Sounds like you mostly think it's pretty small bolt-on type stuff and not really anything chunky available.
Not anything chunky available that would compete. That's the issue. I mean there's stuff to buy, for sure. But it would be dilutive to our results. And you might stumble into diluting yourself, but you shouldn't go out deliberately to do that.
So, that's roughly the principle of this. That's why the large deals - there are other people who have different set of alternatives.
As far as buying the shares are concerned, we - as far as buying the shares are concerned, as long as - we look at the earnings as sort of actually valuable information.
Our finding costs and our DD&A rate are approximately the same, as Chris pointed out.
So the earnings we have is available for improving things.
And so, that is reducing the shares or whatever.
And so, if we're going to earn, I don't know what - let's say we just annualized the first quarter.
So, if we're going to earn $1.40, $1.50, buying stock in $10, $11 does not strike us as expensive.
So as long as we can do that that will be the principal focus. Over time, as we reduce the share count, the amount of dividends will go up because I view the share dividend as sort of a lump sum, and it's just divided by the number of shares outstanding.
So while we might pay a little less than we might otherwise pay in this year or maybe next year, its share count declines are just more money to pay more dividends per share. And that's really the goal.
As long as the stock is clearly inexpensive, the priority will be there. And there are people who don't want to own oil stocks or don't want to own us. Anybody who has got 1 million shares can call up Mr. Stavros and we'll be glad to arrange or to take those shares off their hand.
The next question comes from Neal Dingmann with Truist Securities. Please go ahead.
Morning all. Steve, just following up on that comment you just had. I mean I agree the shares do look cheap, but again my comment or the question I guess would be is your Giddings returns are so phenomenal.
So I'm just wondering how do you - when you and Chris sort of debate the ops versus the finances behind that when you think about stock buybacks versus the incremental Giddings delineation using that money for.
The Giddings is there forever. Occasions don't go away.
So to some extent, since we don't sell shares as a company and no plans to do some - buy something for the bunch of watered stock, our objective is to keep the stock in a reasonable range. Yes, we could spend more money and grow more. There's no argument about that. But the locations will still be there and the opportunity to buy the shares is sort of now it's at the most popular segment in the world. And once people have that view and we could buy the shares cheaply now, we'll do that because we can always accelerate the drilling. My objective is to spend the money wisely as I can over time.
And so the business will grow nicely without pushing that and our finding cost will stay low.
If you start accelerating just to generate free cash flow for what end, I don't know, you will get sloppy and it's just the nature of oil guys.
So this is the way to control our costs. And we can make the growth anything we want it to be.
And so if high growth became more involved, we could probably do that, but right now a growth of 6% to 9% and buying in 4% of the stock every year, strike says it's a rational approach to generating pretty safe 10% per share metrics; 10%, 11%, 12%, 13% metrics on a per share basis, and we think that's should be attractive to a generalist investor.
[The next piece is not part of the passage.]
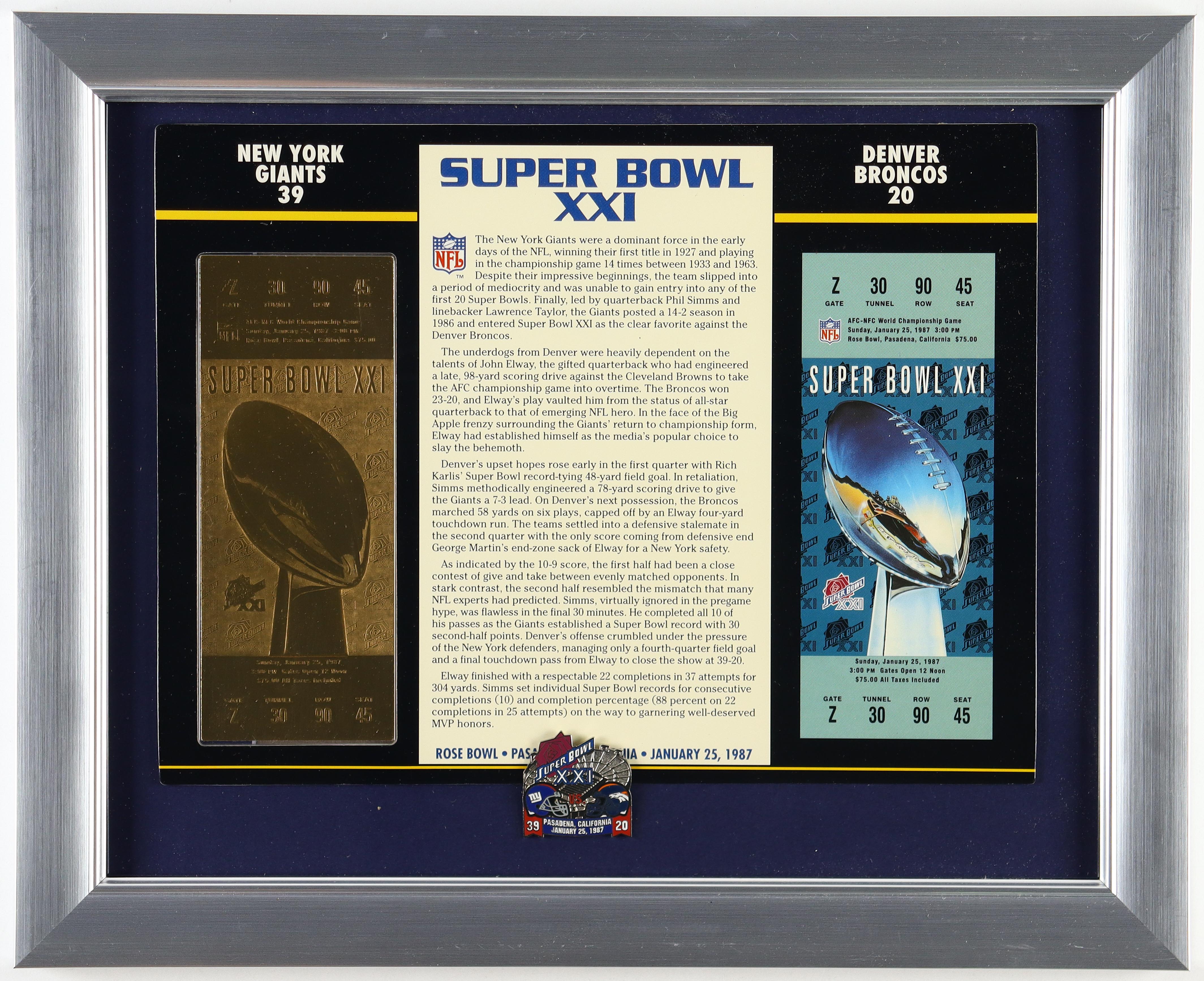 Super Bowl XXI Commemorative Score Card Custom Framed Display with 23kt Gold Ticket & Official Super Bowl XXI Pin

No, I would agree with your comment, Stephen. And I think you just kind of hit on my follow-up. And it was around your Giddings growth. I mean I'll - my thought was really, these days obviously, seems you mentioned any type of growth, it's so taboo and so - but for you all, as you mentioned, it did take so little capital to boost Giddings.
Just anything else you would think about, I mean how you guys had great growth, would just so, again, given what - I know how investors feel about growth, just - but how cheap it is to grow in Giddings, maybe anything else you could say around that? Thank you, Steve.
Yes. We're putting a second rig on. And most of that will be in Giddings, some in Karnes, in the $65 environment while Karnes is still - isn't as good as Giddings. By North American standards, it's probably still some of the best money you could spend.
And so, that's sort of the balance we're drilling in. And we'll look into next year to see what needs to be done. But I don't want ratcheting up the rigs, and then bringing them down and that sort of thing.
So, I try to be sure that we're able to continue whatever we're doing because we just managed better that way. In emergency, of course, we can do whatever, but we just manage better if we build slowly and thoughtfully. And again, locations aren't going away and I don't have any - I don't really care what the banks think because the only reason we don't reduce our line of credit is people would misinterpret it.
So we just don't have that kind of that debt needs.
So I think this is that the right strategy for a multi-year program. And what would ruin the strategy or what would change the strategy would be if the stock were to go to some - would double or triple in the same price environment, then the share repurchase strategy wouldn't work anymore and we have to endure more dividends.
The next question comes from Umang Choudhary with Goldman Sachs. Please go ahead.
My first question - most of my questions have been already asked, sir. I have two quick ones for you.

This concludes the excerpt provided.